- **Work to be completed**
What is wanted is every line below from the one with "Volkstanzgruppendarbietung bei der" up to and including the one with "Foto 8 Sua Excia.", retyped exactly, pictures excluded, nothing else.

Extracted data entries
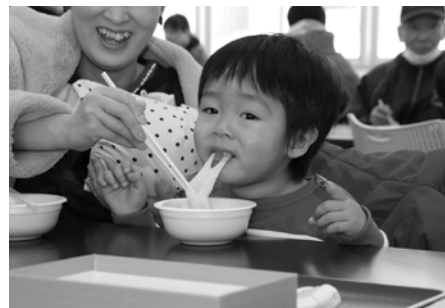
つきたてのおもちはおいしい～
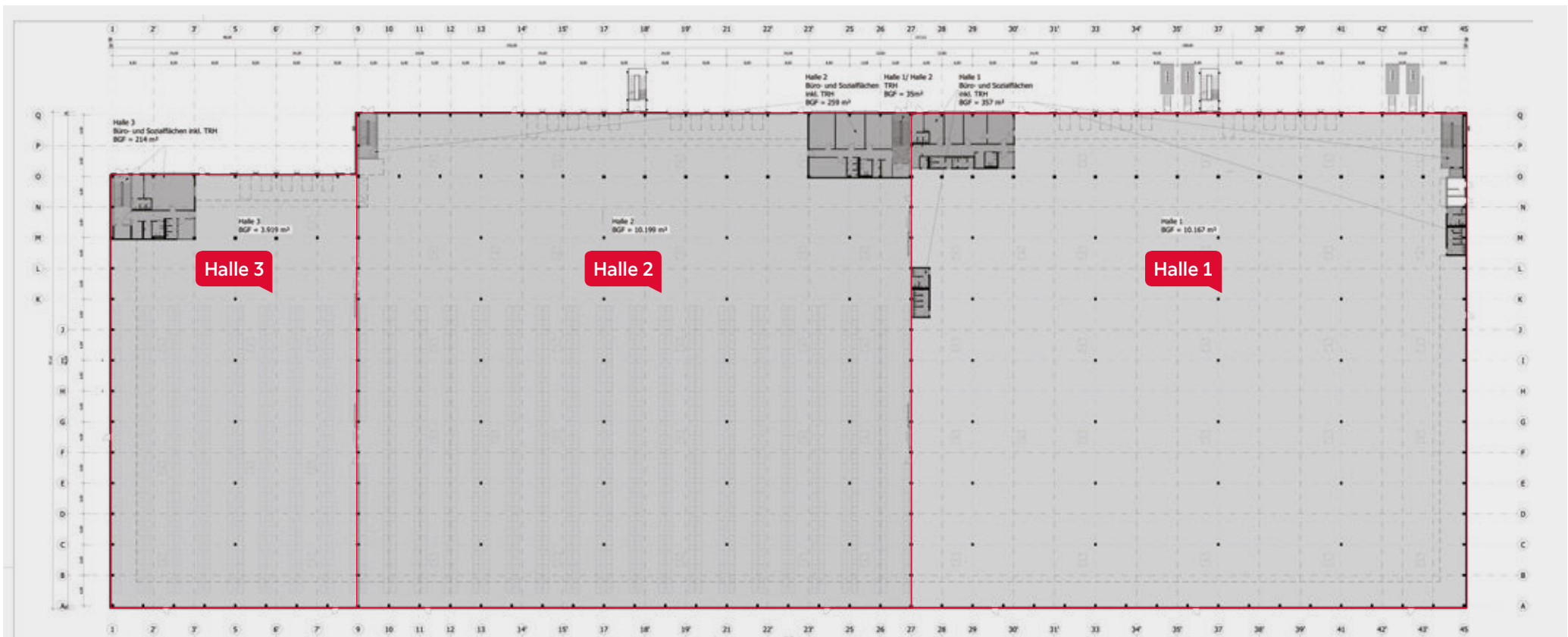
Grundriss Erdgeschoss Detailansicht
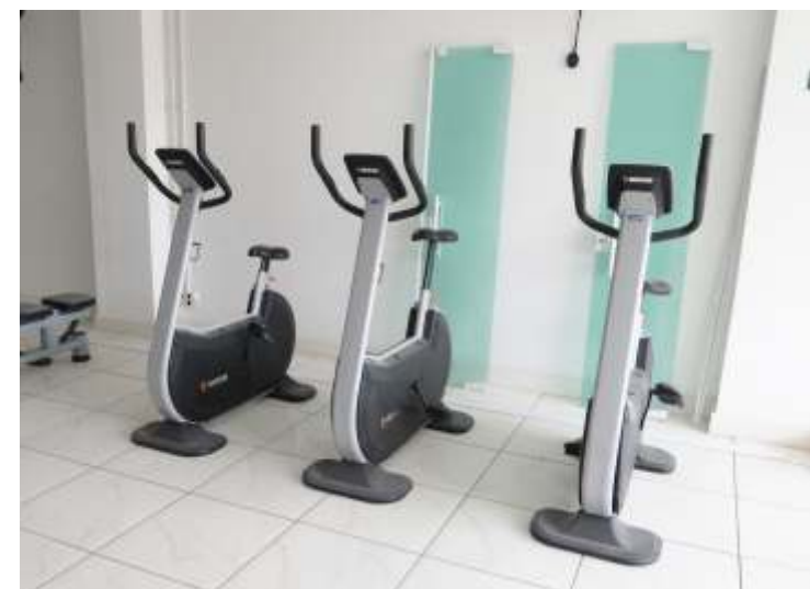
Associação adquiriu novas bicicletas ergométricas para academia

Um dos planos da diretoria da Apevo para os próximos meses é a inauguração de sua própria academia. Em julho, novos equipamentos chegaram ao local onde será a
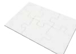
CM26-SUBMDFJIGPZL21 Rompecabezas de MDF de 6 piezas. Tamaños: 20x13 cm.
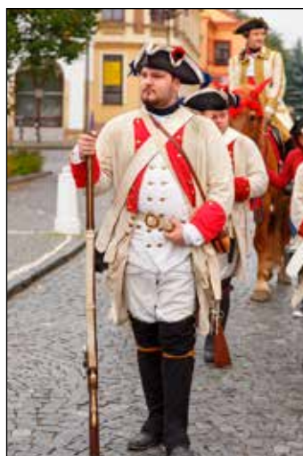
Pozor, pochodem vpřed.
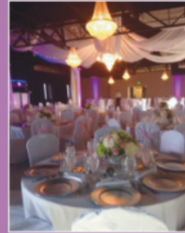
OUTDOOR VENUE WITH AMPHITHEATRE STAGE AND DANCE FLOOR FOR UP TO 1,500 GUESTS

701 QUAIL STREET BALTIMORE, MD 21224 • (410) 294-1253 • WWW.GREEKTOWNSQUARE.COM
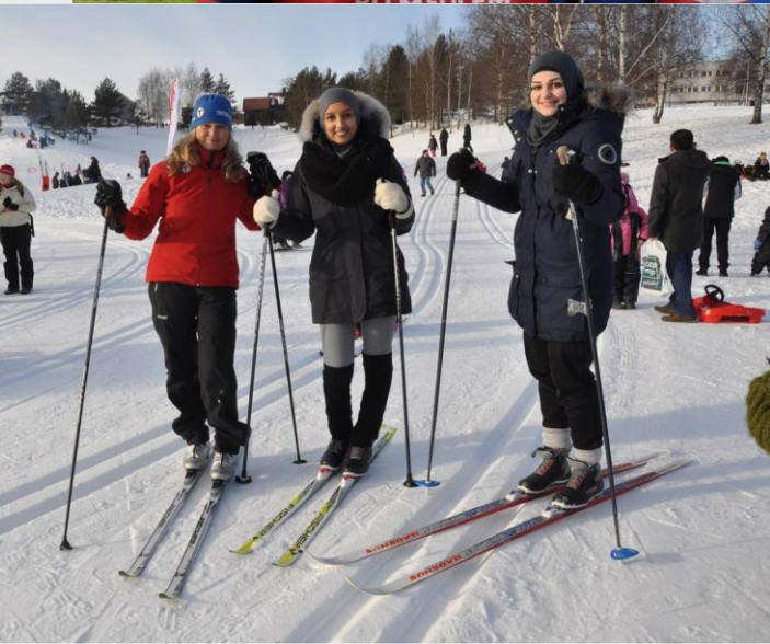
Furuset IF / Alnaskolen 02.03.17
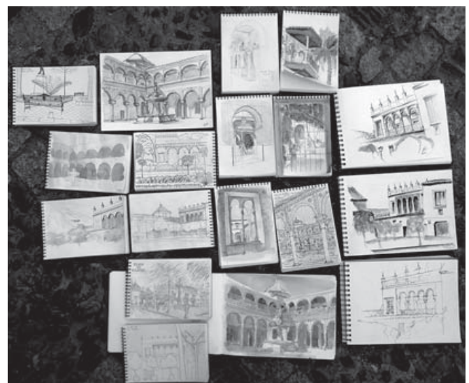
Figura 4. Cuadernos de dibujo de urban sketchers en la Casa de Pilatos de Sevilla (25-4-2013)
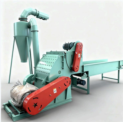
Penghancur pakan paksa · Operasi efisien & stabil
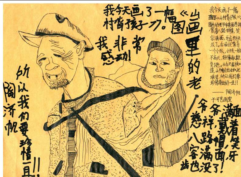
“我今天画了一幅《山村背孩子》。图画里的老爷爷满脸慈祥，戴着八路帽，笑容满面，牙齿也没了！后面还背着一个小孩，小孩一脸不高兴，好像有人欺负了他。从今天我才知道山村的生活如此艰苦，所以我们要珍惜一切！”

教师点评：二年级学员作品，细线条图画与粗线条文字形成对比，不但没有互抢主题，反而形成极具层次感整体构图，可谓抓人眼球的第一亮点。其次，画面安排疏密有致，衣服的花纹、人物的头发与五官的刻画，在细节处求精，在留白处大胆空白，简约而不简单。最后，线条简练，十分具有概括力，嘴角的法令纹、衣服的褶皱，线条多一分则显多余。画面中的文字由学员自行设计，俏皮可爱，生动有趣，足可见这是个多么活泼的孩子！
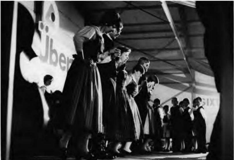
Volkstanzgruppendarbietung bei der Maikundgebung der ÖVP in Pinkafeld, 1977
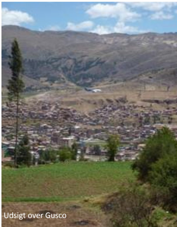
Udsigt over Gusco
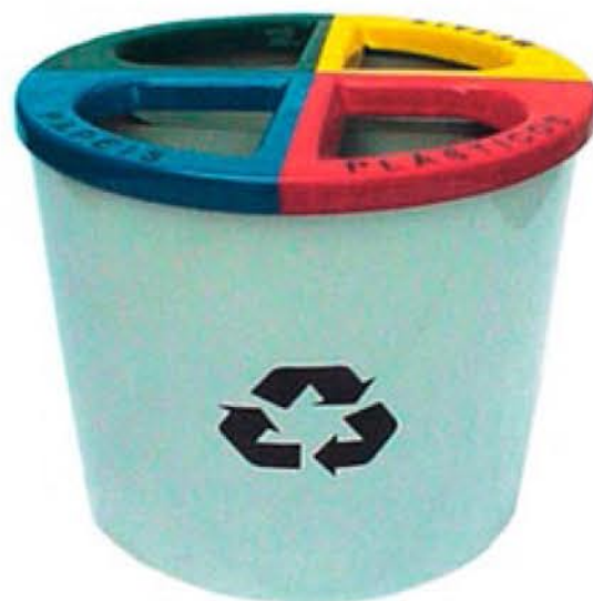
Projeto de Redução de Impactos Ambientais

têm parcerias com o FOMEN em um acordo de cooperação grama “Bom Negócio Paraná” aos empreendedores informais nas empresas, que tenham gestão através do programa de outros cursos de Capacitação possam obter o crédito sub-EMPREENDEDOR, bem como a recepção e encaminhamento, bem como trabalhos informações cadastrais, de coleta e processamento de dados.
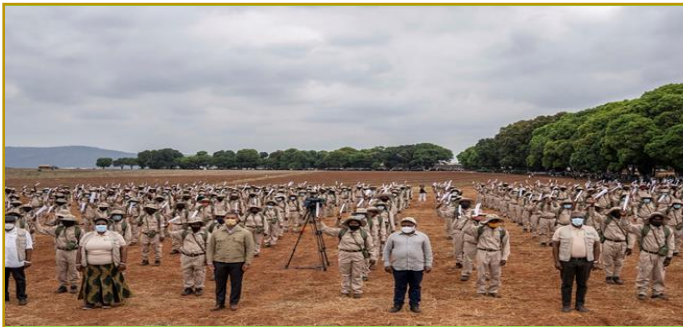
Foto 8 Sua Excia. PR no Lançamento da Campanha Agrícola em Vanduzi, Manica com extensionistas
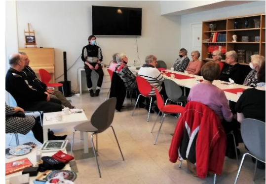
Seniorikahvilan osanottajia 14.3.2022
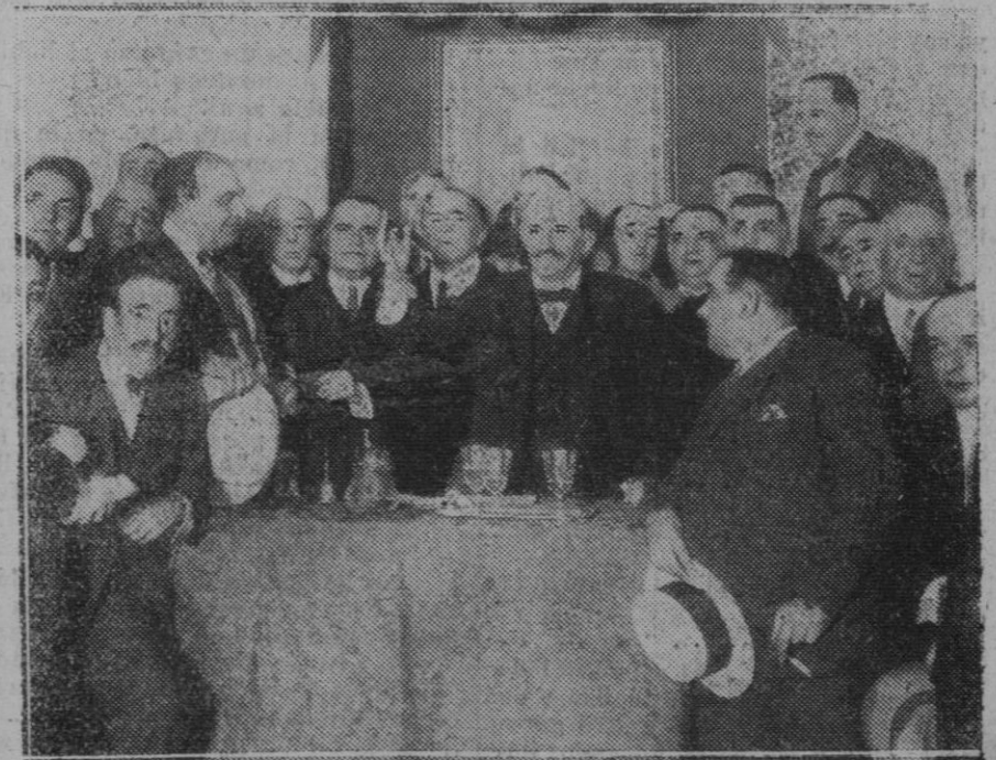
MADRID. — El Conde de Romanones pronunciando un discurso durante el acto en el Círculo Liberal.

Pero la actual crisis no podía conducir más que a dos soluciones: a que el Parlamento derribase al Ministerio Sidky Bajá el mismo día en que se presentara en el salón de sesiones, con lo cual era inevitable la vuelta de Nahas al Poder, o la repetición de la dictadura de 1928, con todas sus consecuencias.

- **Solution**
Volkstanzgruppendarbietung bei der Maikundgebung der ÖVP in Pinkafeld, 1977
Udsigt over Gusco
Projeto de Redução de Impactos Ambientais

têm parcerias com o FOMEN em um acordo de cooperação grama “Bom Negócio Paraná” aos empreendedores informais nas empresas, que tenham gestão através do programa de outros cursos de Capacitação possam obter o crédito sub-EMPREENDEDOR, bem como a recepção e encaminhamento, bem como trabalhos informações cadastrais, de coleta e processamento de dados.
Foto 8 Sua Excia. PR no Lançamento da Campanha Agrícola em Vanduzi, Manica com extensionistas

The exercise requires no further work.